* [REQUIRED ACTION]:
The required output is the exact run of lines below that opens at the line with "4. 신한 햇살란15의" and closes at the line with "Trái cây và rau củ cần".
[[ DATA FOR THIS EXERCISE open ]]
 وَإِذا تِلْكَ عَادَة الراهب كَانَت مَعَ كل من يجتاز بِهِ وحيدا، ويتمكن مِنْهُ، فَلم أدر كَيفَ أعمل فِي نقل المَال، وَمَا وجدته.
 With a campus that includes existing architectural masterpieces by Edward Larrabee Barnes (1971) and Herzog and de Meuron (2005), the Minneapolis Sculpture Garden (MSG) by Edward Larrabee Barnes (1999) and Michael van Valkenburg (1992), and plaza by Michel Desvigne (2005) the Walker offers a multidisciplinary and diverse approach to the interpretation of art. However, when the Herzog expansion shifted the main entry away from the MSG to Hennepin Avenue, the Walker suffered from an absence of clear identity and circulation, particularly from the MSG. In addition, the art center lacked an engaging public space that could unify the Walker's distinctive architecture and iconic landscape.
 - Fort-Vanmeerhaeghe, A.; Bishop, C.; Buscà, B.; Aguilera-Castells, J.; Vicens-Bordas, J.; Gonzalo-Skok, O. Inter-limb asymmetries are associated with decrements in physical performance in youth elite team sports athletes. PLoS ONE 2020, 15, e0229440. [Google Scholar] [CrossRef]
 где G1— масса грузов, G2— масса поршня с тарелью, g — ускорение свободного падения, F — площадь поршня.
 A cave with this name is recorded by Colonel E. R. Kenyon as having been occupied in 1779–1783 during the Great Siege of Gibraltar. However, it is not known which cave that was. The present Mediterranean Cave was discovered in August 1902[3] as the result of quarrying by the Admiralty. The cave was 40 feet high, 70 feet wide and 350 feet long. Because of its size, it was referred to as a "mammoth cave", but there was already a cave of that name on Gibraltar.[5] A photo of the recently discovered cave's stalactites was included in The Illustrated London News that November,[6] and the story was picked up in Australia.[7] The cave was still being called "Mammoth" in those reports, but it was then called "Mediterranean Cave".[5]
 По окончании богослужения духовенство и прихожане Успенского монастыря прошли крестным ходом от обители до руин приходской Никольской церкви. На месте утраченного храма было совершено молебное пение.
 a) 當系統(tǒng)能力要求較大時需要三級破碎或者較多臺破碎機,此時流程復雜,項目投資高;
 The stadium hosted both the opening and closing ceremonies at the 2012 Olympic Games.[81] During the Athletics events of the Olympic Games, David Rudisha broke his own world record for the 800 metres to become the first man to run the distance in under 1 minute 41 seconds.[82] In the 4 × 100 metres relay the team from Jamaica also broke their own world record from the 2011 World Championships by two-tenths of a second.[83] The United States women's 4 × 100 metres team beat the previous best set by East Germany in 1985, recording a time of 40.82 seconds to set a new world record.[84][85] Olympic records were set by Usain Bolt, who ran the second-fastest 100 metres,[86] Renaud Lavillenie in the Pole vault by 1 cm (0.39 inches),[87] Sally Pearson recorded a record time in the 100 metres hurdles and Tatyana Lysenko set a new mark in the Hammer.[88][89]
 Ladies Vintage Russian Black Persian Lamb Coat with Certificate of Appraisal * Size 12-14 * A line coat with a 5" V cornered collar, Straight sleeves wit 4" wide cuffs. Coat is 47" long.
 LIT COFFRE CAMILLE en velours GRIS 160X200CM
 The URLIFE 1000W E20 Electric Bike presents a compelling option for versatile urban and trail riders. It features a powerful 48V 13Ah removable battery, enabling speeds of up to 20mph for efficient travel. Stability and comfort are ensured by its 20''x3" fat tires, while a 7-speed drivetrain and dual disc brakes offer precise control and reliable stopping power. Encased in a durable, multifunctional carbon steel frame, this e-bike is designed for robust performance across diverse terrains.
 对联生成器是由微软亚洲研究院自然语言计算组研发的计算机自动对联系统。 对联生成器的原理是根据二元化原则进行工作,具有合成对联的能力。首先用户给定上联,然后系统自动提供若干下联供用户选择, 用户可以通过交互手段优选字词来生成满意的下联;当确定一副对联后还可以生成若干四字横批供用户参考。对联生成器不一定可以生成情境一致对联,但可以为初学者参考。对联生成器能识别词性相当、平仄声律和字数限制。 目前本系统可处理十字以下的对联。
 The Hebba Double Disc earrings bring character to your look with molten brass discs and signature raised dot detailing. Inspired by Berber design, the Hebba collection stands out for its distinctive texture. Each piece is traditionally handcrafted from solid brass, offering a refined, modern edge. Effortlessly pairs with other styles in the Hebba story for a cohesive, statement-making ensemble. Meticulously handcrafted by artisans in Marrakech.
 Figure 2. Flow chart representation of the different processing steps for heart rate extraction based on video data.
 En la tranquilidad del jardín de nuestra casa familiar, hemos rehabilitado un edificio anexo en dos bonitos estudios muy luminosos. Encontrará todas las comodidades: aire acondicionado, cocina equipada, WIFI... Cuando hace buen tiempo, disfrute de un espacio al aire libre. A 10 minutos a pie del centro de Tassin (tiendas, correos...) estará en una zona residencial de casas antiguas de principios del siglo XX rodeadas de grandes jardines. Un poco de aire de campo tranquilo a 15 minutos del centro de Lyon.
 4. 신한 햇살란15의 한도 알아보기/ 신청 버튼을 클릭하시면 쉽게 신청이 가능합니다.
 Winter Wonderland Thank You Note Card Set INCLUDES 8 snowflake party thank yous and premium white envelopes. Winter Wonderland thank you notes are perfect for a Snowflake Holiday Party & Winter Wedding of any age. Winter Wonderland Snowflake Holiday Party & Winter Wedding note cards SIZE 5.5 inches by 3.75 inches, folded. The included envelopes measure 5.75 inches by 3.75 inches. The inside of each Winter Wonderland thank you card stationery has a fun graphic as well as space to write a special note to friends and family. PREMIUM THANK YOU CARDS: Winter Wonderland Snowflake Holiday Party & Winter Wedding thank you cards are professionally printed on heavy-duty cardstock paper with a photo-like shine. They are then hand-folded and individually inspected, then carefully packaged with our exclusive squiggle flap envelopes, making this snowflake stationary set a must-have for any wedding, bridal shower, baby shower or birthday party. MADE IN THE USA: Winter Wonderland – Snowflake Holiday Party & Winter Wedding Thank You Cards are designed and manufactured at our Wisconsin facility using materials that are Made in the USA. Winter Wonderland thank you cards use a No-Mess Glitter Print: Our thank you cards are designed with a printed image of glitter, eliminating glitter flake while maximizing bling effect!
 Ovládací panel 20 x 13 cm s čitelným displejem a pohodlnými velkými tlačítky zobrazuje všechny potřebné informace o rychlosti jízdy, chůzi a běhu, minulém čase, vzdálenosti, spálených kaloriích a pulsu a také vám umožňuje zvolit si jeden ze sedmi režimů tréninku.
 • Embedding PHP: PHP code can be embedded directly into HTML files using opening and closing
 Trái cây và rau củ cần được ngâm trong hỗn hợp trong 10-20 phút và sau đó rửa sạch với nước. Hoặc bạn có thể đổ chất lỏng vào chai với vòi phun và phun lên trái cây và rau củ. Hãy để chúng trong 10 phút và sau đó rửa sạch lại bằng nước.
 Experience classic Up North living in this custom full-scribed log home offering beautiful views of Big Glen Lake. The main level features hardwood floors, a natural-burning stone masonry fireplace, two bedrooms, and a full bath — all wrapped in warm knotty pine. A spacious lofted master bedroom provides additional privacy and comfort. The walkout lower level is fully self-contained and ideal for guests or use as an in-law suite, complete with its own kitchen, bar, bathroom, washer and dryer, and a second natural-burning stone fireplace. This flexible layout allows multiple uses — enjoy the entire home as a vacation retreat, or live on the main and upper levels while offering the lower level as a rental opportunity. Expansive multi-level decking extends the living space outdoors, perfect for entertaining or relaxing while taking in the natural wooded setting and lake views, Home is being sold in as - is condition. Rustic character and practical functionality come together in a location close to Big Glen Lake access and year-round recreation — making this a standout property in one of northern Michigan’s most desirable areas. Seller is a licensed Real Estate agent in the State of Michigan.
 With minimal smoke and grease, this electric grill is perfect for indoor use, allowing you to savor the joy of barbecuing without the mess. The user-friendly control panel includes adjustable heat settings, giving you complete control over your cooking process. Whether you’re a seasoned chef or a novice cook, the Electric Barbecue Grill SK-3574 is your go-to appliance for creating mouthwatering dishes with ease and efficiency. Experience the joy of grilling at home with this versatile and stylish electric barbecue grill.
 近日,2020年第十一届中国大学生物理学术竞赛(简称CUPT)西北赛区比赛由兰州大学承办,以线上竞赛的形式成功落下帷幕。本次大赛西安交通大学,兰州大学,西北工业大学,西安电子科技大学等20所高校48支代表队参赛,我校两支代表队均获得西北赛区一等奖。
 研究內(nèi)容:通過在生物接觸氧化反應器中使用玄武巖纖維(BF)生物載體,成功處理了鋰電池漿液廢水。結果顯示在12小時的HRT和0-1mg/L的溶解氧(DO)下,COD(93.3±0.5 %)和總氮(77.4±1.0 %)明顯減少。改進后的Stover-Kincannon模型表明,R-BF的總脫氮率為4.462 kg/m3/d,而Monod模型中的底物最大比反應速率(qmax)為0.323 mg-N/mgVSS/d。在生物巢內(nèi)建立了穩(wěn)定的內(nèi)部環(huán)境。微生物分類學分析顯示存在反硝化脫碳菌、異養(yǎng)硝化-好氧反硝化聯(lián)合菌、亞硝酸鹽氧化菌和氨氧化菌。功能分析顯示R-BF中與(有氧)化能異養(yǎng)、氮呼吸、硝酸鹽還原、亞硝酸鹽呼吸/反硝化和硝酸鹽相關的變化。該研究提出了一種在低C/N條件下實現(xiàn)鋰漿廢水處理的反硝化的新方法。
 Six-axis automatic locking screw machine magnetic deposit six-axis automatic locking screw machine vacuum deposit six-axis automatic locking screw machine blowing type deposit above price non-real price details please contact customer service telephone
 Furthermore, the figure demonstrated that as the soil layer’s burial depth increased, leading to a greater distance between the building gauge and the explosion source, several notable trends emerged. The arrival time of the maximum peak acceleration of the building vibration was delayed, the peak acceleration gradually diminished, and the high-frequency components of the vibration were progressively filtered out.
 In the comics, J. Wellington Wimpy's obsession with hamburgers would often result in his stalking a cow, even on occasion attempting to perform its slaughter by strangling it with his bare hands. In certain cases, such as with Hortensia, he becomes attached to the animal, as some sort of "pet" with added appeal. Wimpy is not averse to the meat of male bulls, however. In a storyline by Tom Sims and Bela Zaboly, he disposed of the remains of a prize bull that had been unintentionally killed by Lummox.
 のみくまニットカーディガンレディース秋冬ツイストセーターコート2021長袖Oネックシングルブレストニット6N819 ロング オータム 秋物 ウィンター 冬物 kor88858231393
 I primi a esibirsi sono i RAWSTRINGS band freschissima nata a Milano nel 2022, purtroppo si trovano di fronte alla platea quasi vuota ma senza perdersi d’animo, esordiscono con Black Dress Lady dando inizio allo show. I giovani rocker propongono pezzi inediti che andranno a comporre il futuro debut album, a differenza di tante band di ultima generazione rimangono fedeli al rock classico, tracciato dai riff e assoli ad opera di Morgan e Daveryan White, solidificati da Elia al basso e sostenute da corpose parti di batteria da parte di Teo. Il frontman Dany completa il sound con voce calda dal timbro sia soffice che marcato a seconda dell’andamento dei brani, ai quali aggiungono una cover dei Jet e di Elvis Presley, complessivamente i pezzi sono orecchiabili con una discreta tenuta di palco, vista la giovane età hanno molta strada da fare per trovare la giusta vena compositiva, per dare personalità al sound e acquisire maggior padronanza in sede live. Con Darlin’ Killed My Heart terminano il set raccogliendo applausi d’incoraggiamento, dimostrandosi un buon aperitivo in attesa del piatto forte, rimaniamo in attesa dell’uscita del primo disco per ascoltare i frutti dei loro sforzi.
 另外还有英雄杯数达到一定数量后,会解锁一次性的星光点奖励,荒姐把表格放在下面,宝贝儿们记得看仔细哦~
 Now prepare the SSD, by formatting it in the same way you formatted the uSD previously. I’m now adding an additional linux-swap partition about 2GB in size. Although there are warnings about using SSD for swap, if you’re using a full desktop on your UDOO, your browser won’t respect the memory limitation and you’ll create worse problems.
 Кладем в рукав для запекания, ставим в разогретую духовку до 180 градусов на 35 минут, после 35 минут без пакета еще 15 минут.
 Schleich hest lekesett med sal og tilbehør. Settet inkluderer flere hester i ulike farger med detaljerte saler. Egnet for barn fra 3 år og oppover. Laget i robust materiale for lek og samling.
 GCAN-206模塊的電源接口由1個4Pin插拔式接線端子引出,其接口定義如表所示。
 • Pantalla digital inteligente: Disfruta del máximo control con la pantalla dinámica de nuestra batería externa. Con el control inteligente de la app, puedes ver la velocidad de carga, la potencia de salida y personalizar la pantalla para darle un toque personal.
[[ DATA FOR THIS EXERCISE closed ]]
* [WRITTEN REPLY]:
 4. 신한 햇살란15의 한도 알아보기/ 신청 버튼을 클릭하시면 쉽게 신청이 가능합니다.
 Winter Wonderland Thank You Note Card Set INCLUDES 8 snowflake party thank yous and premium white envelopes. Winter Wonderland thank you notes are perfect for a Snowflake Holiday Party & Winter Wedding of any age. Winter Wonderland Snowflake Holiday Party & Winter Wedding note cards SIZE 5.5 inches by 3.75 inches, folded. The included envelopes measure 5.75 inches by 3.75 inches. The inside of each Winter Wonderland thank you card stationery has a fun graphic as well as space to write a special note to friends and family. PREMIUM THANK YOU CARDS: Winter Wonderland Snowflake Holiday Party & Winter Wedding thank you cards are professionally printed on heavy-duty cardstock paper with a photo-like shine. They are then hand-folded and individually inspected, then carefully packaged with our exclusive squiggle flap envelopes, making this snowflake stationary set a must-have for any wedding, bridal shower, baby shower or birthday party. MADE IN THE USA: Winter Wonderland – Snowflake Holiday Party & Winter Wedding Thank You Cards are designed and manufactured at our Wisconsin facility using materials that are Made in the USA. Winter Wonderland thank you cards use a No-Mess Glitter Print: Our thank you cards are designed with a printed image of glitter, eliminating glitter flake while maximizing bling effect!
 Ovládací panel 20 x 13 cm s čitelným displejem a pohodlnými velkými tlačítky zobrazuje všechny potřebné informace o rychlosti jízdy, chůzi a běhu, minulém čase, vzdálenosti, spálených kaloriích a pulsu a také vám umožňuje zvolit si jeden ze sedmi režimů tréninku.
 • Embedding PHP: PHP code can be embedded directly into HTML files using opening and closing
 Trái cây và rau củ cần được ngâm trong hỗn hợp trong 10-20 phút và sau đó rửa sạch với nước. Hoặc bạn có thể đổ chất lỏng vào chai với vòi phun và phun lên trái cây và rau củ. Hãy để chúng trong 10 phút và sau đó rửa sạch lại bằng nước.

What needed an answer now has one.